Scary thought, isn’t it? It is known to happen to all writers. I don’t mean writer’s block, nothing as serious as Stephen King’s character Mike Noonan in Bag of Bones where he turns on the computer and throws himself off the screen (okay, it may not be a computer, it’s been years since I read that book, but I’m sure those who read it know the scene). Nothing too bad However, the time will come when the muse (sexy goddess of words) will decide to take a day off.

Now this day off will probably be your writing day, a reserved date in your leather-bound journal; wife and family go to the beach, you took your laptop to the penthouse, gave the penthouse key to a trusted neighbor, and they locked you up. There’s no escaping that brilliant screen.

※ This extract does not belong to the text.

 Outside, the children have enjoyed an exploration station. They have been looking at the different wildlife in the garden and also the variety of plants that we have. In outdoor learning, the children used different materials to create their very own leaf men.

If you’ve followed Laymon’s rules of writing (list of eight available on the HWA website) and paid close attention to rule number 3, paragraph titled: Some Helpful Hints… section number 5, where he suggests following Hemingway’s advice: stop at a point where you still know what’s next, so that the next day’s writing can easily begin. Then this article is most likely not for you.

Aim….

It can happen, anytime, anywhere, even locked in the attic with huge spiders slowly crawling towards you, venom pouring out of their fangs, it can happen. And it can seriously ruin your day.

Here are some solutions I’ve heard other writers say, with some general comments from yours truly:

1) Go for a walk. || While this is good for your health, it will kill your writing time, and maybe lose a few bucks, on something you simply must have while you’re stopping by that thrift store.

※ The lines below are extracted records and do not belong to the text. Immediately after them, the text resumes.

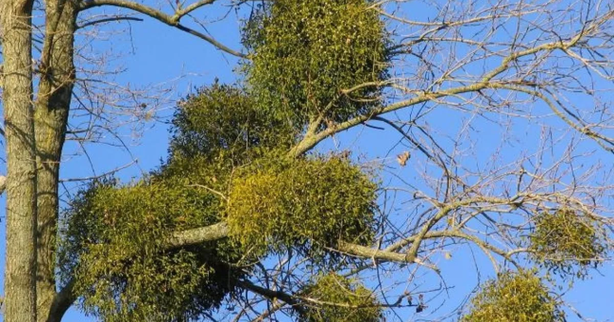 Leafy mistletoes have green stems with thick leaves that are nearly oval in shape. Plants often develop a rounded form up to 2 feet or more in diameter. The small, sticky, whitish berries are produced from October to December. Evergreen clumps of mistletoe are readily observed on deciduous trees in winter when leaves are off the trees. Mistletoe plants are either female (produce berries) or male (produce only pollen).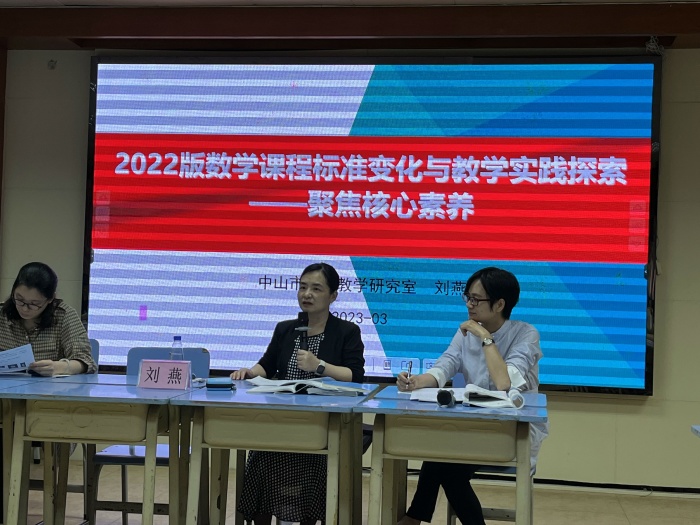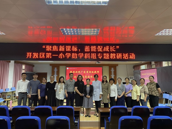 为加深数学教师对2022版数学课程标准的理解,深刻领会新课程标准内涵,4月10日下午,开发区第一小学在学校电教室开展以“聚焦新课标,蓄能促成长”为主题的数学专题教研活动。本次活动邀请中山市小学数学教研员刘燕校长到场指导,博文学校、开发区第二小学的数学教师代表参与了此次活动。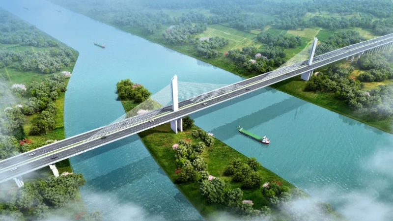 钦江特大桥施工现场全景图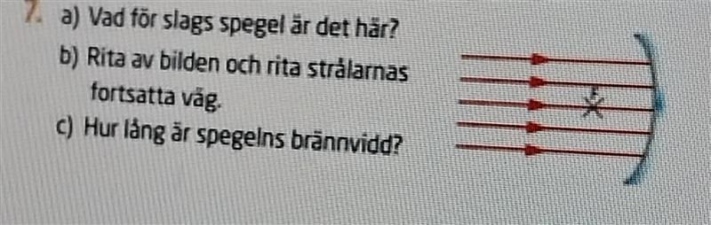 Hej! Jag undrar lite hur jag ska lösa uppgiften. Det står inget konkret svar i texten på hur man tar reda på brännvidden. Jag vet att brännvidden är avståndet mellan brännpunkten och spegeln men det känns orimmligt att mäta med linjal. Jag misstänker att det är någt annat de syfftar på.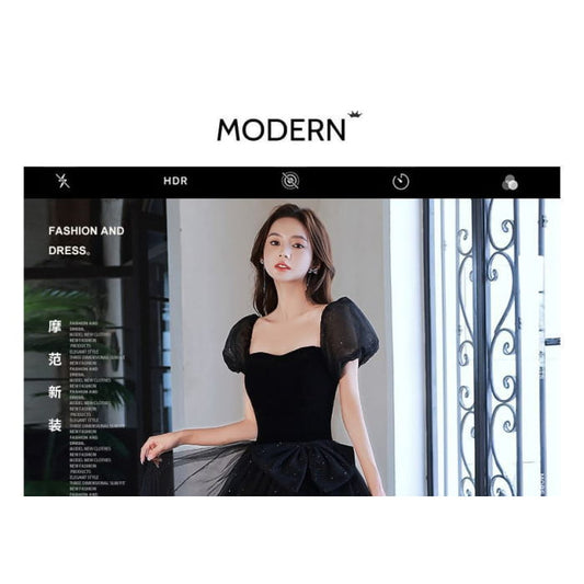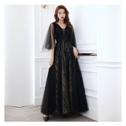 Puff-Sleeve Mesh Panel Plain A-Line Evening Gown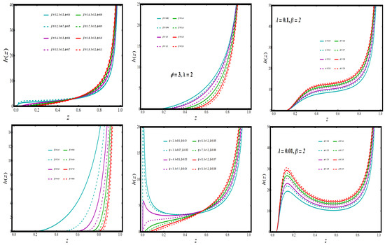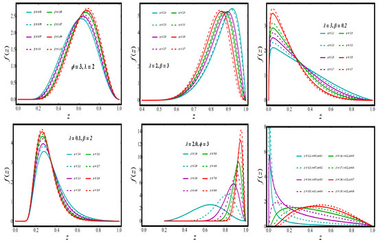 Numerical values for some moments, skewness, variance, and kurtosis of Z for various values of the considered parameters are reported in Table 1. Table 1 reveals that for higher values of , by keeping and fixed, the first four moments about origin, skewness and kurtosis are increased, while the variance exhibits the opposite behavior.

2) Do something else. || Because? Sure you’ll take care of painting the ceiling or whatever, but very little will be written. But what the hell, the muse is on vacation, right? Mistaken.

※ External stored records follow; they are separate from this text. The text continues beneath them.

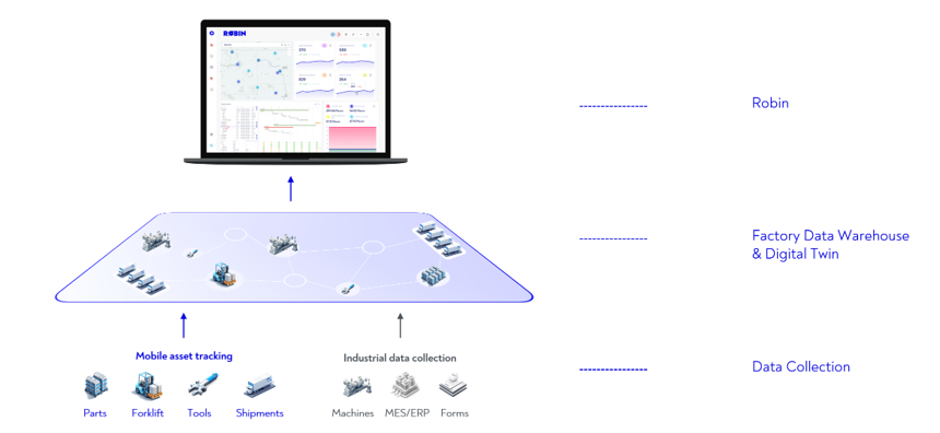 ROBIN est une app de gestion de traçabilité de la logistique industrielle, collaborative et connectée à destination des opérateurs, chefs de production et responsables méthode & Industrie 4.0 qui permet de visualiser en temps réel les encours de production pour éviter la surproduction, le gaspillage et pouvoir planifier en juste-à-temps.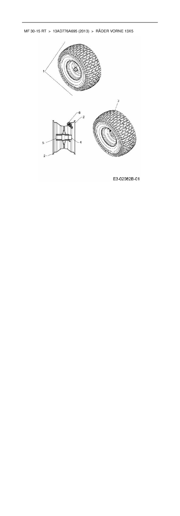Ersatzteile für Rasentraktor Massey Ferguson MF 30-15 RT aus der Zeichnung Räder vorne 13x5: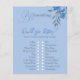 Elegant Calligraphy Script Something Blue Bridal Shower Themed Wedding Would she Rather Funny Game with watercolor flowers. On the other side there are a glasses of champagne with a bouquet.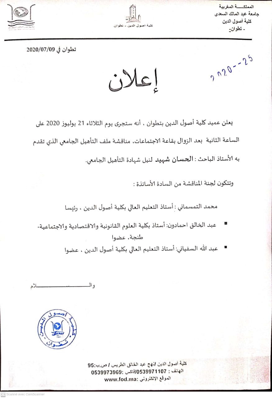 يعلن عميد كلية أصول الدين بتطوان، أنه ستجرى يوم الثلاثاء 21 يوليوز 2020 على الساعة الثانية بعد الزوال بقاعة الاجتماعات، مناقشة ملف التأهيل الجامعي الذي تقدم به الأستاذ الباحث : الحسان شهيد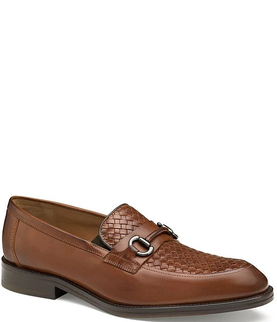 From Johnston & Murphy, the Men’s Meade Woven Leather Bit Loafers feature: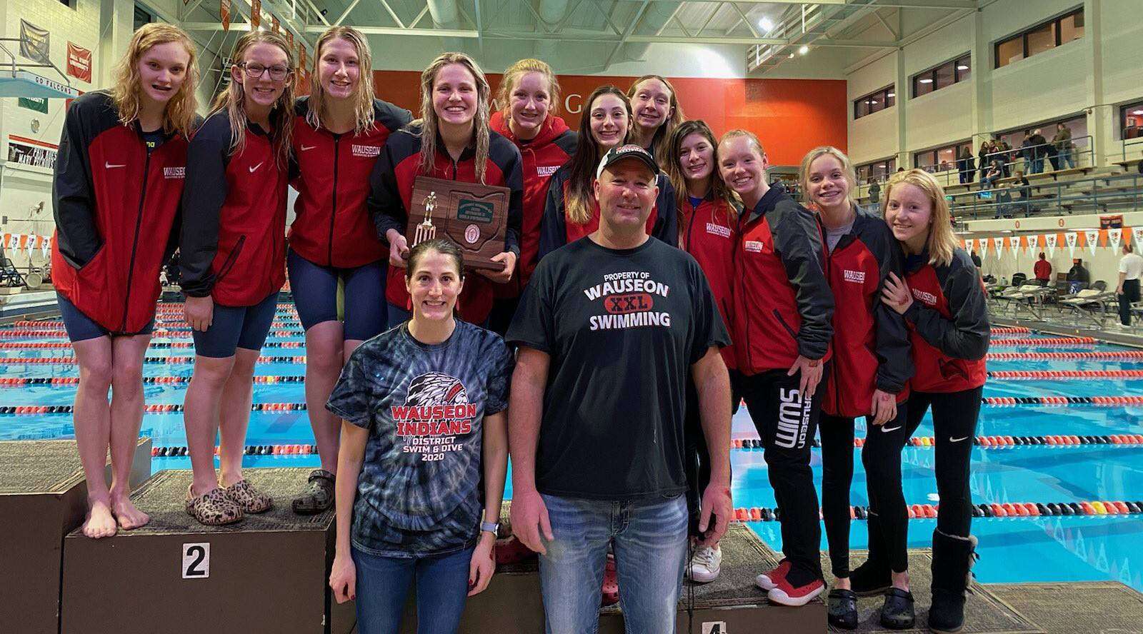 The competition began on February 12th with diving where Bryan’s Taylor Peters finished as District Runner-Up to advance to Canton with 441.65 points. Cameron Estep was the top placer for Wauseon coming home in 16th with 279.00 points. Aiden Andrews of Bryan was 16th on the boys’ side with 261.65 points.
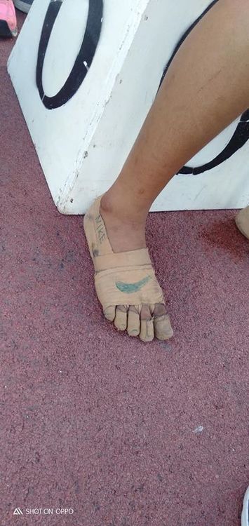 फिलिपाईन्सची ११ वर्षांची रिया बुल्लोस हिने शाळेच्या धावण्याच्या स्पर्धेत ४०० मीटर, ८०० मीटर आणि १५०० मीटरच्या शर्यतींमध्ये सुवर्णपदक मिळवलं आहे. तिन्ही प्रकारांमध्ये सुवर्ण मिळवल्यावर ती एका जागी शांत बसून खेळ पाहत होती. तितक्यात एका व्यक्तीने तिचे पाय बघितले. तिच्या पायात शूज नव्हते. शूजच्या जागी तिने बँडेज गुंडाळला होता. त्यावर तिने हातानेच नाइकी कंपनीचा लोगो काढला होता. हा पाहा तिचा पाय.

3) Read a book. || I’m all for reading now, but there’s a time and a place and it’s not when you’re meant to pester the muse in hopes of a few good pages.

4) Work on a different writing project. || Hello? I doubt the words are going to come out, just because you start something new. (Now, before you all start jumping on my back and offering my neck to the spider’s fangs, this has been known to work for some people and not for others, though this never worked for me in general.)

5) Give up. Take a day off. || OK that’s fine. Remember you’re in a locked attic with just a chair, a table, and your laptop (let’s not forget the chandeliers), what are you going to do? Do you have a battle? Spiders are fast and can move at right angles, they jump and they are small and ugly… urgh.

That’s all I can remember hearing. Of course there is number six. My personal favourite, and it never fails.

6) Hit it. || Simple truth? Keep hacking those keys, type whatever comes to mind, forget the story and if this or that fits, because it most likely doesn’t. An example: not long ago I was writing a short story for an anthology, something was missing, I couldn’t figure it out. The muse had decided that it was holiday season and with such a beautiful day, she had gone out for some sun and fun (probably with that male muse from the street!). He was abandoned, in a mysterious world, cold, full of blood and sex and he had no idea what to do.

So I followed my own advice. number six. I walked away. You see, I love writing, I love taking people into a little world of my own making and instilling hope and love and kindness, before the madness starts.

For six hours I worked until the muse returned (with a nice tan and a new bag) and said: “Cut paragraph seven. Put paragraph three after six, seven after nine, and open with eleven.”

“Okay,” I said happily.

“Now, change this sentence to…”

What I’m getting at here is this: If I hadn’t been fighting, cussing, and cursing everything from my computer to my coffee mug, these words wouldn’t have been here in the first place. If I had followed tips 1 – 5, the writing mood would have disappeared. The muse would be back and we’d be sitting on the couch watching Adam’s Family reruns thinking, Damn, today was a good day for writing, I should have kept it up.

That is my opinion on the situation. Maybe you agree, maybe you don’t, but one thing is for sure…
Writing in an attic is not a good idea.

One last thing before I leave you at the mercy of the muse: watch out for that black-eyed spider on the back of your flesh.